Chi ha un problema di salute pretende, spesso, delle certezze. Di rado i medici rispondono con dei 'sì' o dei 'no'. La medicina si esprime sempre di più attraverso delle percentuali, a una persona si può attribuire il 5, il 20 o il 50% di possibilità di sviluppare una certa patologia in un arco di tempo. Una terapia o un intervento può avere il 60, il 90 o il 99% di probabilità di successo... I professionisti della salute sono a loro agio con queste definizioni. Perché sono a loro modo assai precise e 'scientifiche', supportate da ricerche condotte e affinate in ogni parte del mondo; perché il linguaggio delle probabilità fa parte della loro formazione scientifica e in terzo luogo perché... non sono loro ad avere quel problema di salute. La logica del paziente è infatti diversa. Detto in altre parole: per un chirurgo è facile affermare che un intervento ha il 99,9% di possibilità di successo. Ma il 'paziente' non ha un 'portafoglio di casi': ha solo se stesso. E quel caso su mille potrebbe essere lui. D'altra parte il dato che il chirurgo offre non è privo di senso... insomma anche questo aspetto della comunicazione medico-paziente nasconde problematiche ardue. Adrian Edwards, ricercatore presso il Department of Primary Care, Swansea Clinical School, University of Wales e guest editor di un intero numero che BMJ ha dedicato alla comunicazione del rischio, sta dedicando da molti anni la sua attività di ricerca su questo tema.

Partiamo da un dato molto semplice. I professionisti della salute hanno una visione del rischio diversa da quella dei pazienti. Per i primi è un'evidenza scientifica su basi statistiche, di popolazione, per i secondi è una questione strettamente individuale. È solo un problema di differenti livelli di conoscenza?

No, sono due prospettive differenti, talvolta anche in conflitto tra loro. Nel provare a tradurre in categorie di rischio individuale i dati statistici, i medici devono esser ben consapevoli di quello che gli esperti di comunicazione chiamano 'framing effect'. Lo stesso dato può essere contestualizzato in modo differente e avere un impatto diverso sui pazienti. Se dico che un certo evento negativo ha 1 possibilità su dieci di manifestarsi, il paziente si sentirà più motivato a scongiurare il rischio. Se dico che l'evento ha 9 possibilità su 10 di non manifestarsi, la sensazione di allarme e la motivazione cala.

Il contesto è importante, ci sono però anche altri fattori che influenzano la risposta alla comunicazione del rischio, immagino. Il tempo a disposizione del medico, per esempio...

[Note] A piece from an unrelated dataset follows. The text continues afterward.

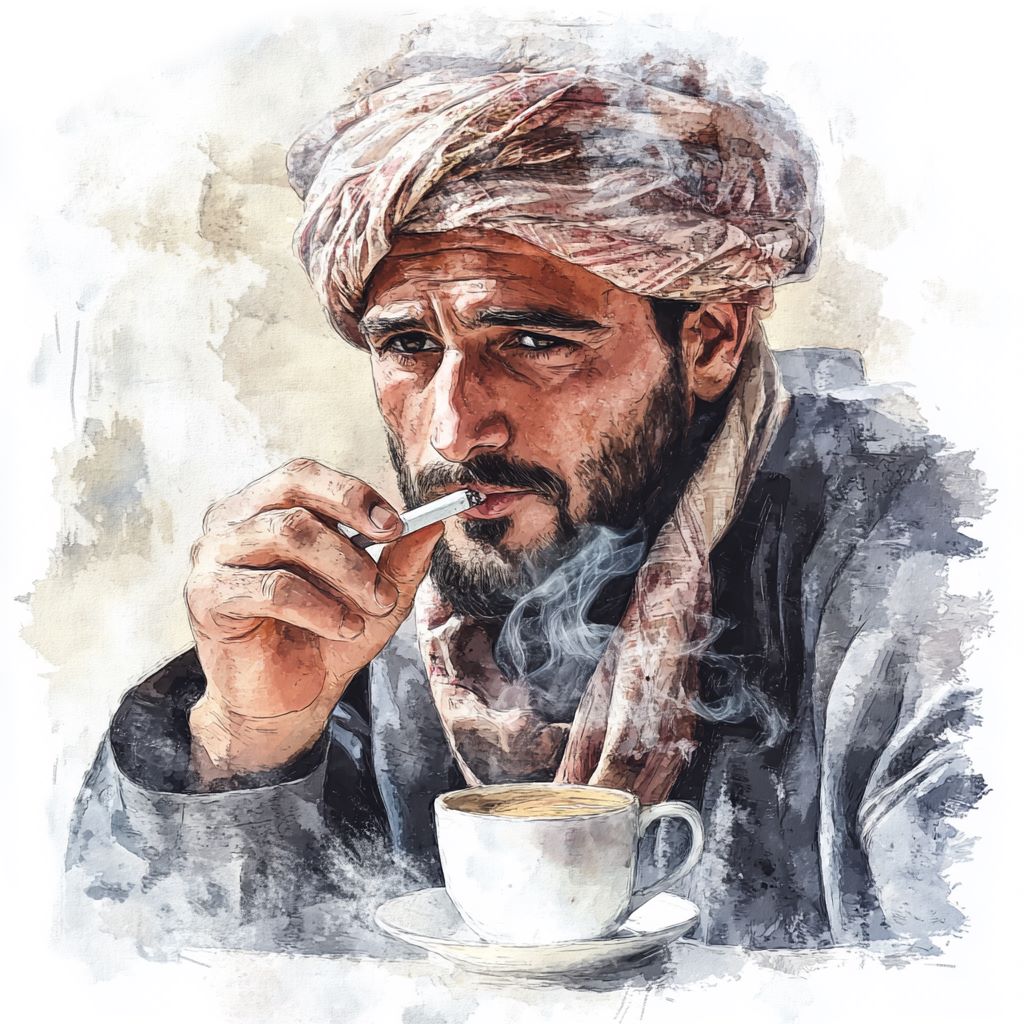 הקפה מוגש בצמצום בכוסות קטנות ללא ידיות. המארח מוזג לעצמו כוס ראשונה ולוגם ממנה כדי להראות לאורחים, שאין בו שום דבר מזיק, ואולי החשוב ביותר – לבדוק את הטמפרטורה שלו. קפה חייב להיות חם. המוניטין של המארח תלוי בקפה חם. אם אורח מעיר כי הקפה קר, הדבר נחשב לעלבון. הכוס השניה מיועדת לבנו הבכור של המארח, שבדרך כלל יושב לימינו, והשלישית לאורח המגיע לביקור לא חברתי, היושב סמוך לו. הוא מגיש לאורח את הכוס והלה אינו לוגם ממנה אלא מניח אותה בין רגליו המשוכלות – אות לכך שיש לו עניין לדון בו עם המארח.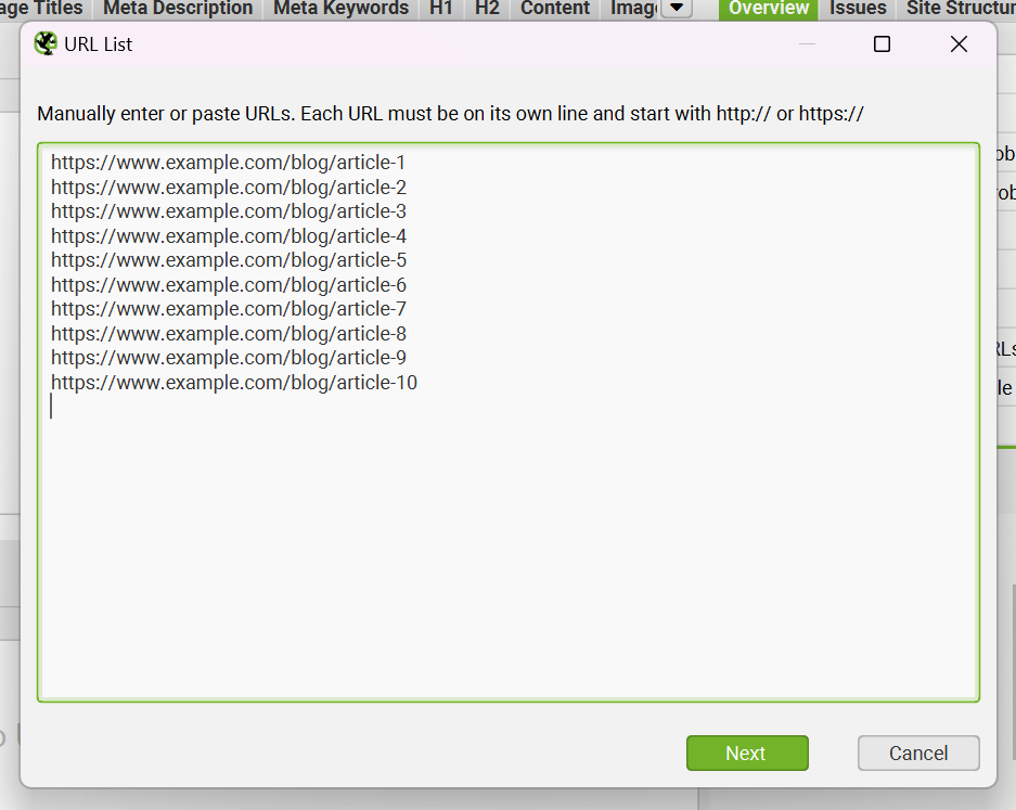 Add a sample of 10 URLs as a test in the popup input box to ensure that the JSON-LD output is correct across all pages.

La mancanza di tempo è spesso una comoda scusa a cui ci si aggrappa. Ci sono fattori altrettanto importanti come la capacità e l'attitudine verso un certo modo di intrattenere la relazione con il paziente.

Cosa possono fare i medici per migliorare le proprie abilità comunicative?

Essere consapevoli che i pazienti oggi hanno accesso a fonti di informazione differenti e spesso contrastanti.

Dopo tante parole sul 'consenso informato' dobbiamo essere preparati all'idea che un'informazione fornita nel modo adeguato possa anche portare a un 'dissenso informato'?

È una scelta che, per esempio nel Regno Unito viene rispettata e che può essere documentata e inserita nel sistema informatico in modo da evitare che ricada nelle statistiche di qualità della terapia o del medico. I medici, anzi, tendono a trovarsi più a loro agio con i valori che con le evidenze scientifiche, da qui a volte la difficoltà nel mettere in atto l'EBM.